Eventually, the band recorded their debut EP, This Present Darkness, which was released in 2000 via the independent label East Coast Empire (based in Prospect, Connecticut) and charted in the top 10 at Metal Radio. Shortly after the release of TPD, Chimaira aligned with manager and A&R scout Thom Hazaert (who would go on to run prominent independent labels Corporate Punishment Records and THC Music), a longtime friend of sampler Chris Spicuzza, and continued to tour the US, playing consistently with bands including Hatebreed and God Forbid. The band recorded demo versions of several new tracks, including "Severed", "Taste My ...", and the fan-favorite "Dead Inside", as well as a cover of The Cure's "Fascination Street", which Hazaert shopped, eventually gaining interest from several major labels. During this time, the band also contributed a cover of the Accept classic "Balls to the Wall" to the ECW Wrestling album Anarchy Rocks Vol. 2.

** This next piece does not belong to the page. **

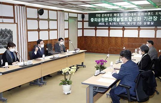 북구는 이날 오전 11시 구청 상황실에서 회의를 열고 5개 문화예술 기관장과 함께 '중외공원 문화예술벨트' 활성화 방안을 논의했다. 회의에는 문인 북구청장과 국립광주박물관장, 시립미술관장, 문화예술회관장, 역사민속박물관장, (재)광주비엔날레 대표이사 등이 참석했다.

Chimaira landed a spot performing "Dead Inside" in September of 2000 on the short-lived USA Network show Farmclub.com, and was subsequently signed to Roadrunner Records. By this time Jim LaMarca, who performed alongside Hunter in their prior band Skipline, was now bassist. Chris Spicuzza joined as well, handling all electronics duties. The six-piece quickly recorded its debut album Pass Out of Existence in 2001 with producer Mudrock, a nu metal album containing 14 tracks and featuring over an hour's worth of music. Released on October 2, 2001, the record would also feature a guest appearance from Deftones' guitarist Stephen Carpenter on the track "Rizzo". Shortly after the release of the album and the tour that was to follow, Jason Hager left the band when he discovered he was going to become a father. Matt DeVries, who also previously played in Ascension (with Hager), was recruited to take over as rhythm guitarist. The band promoted the album with steady touring with bands like Machine Head, Fear Factory, Ill Nino and Kittie among others, and were even invited by Slayer to open for them on their North American tour in late 2001.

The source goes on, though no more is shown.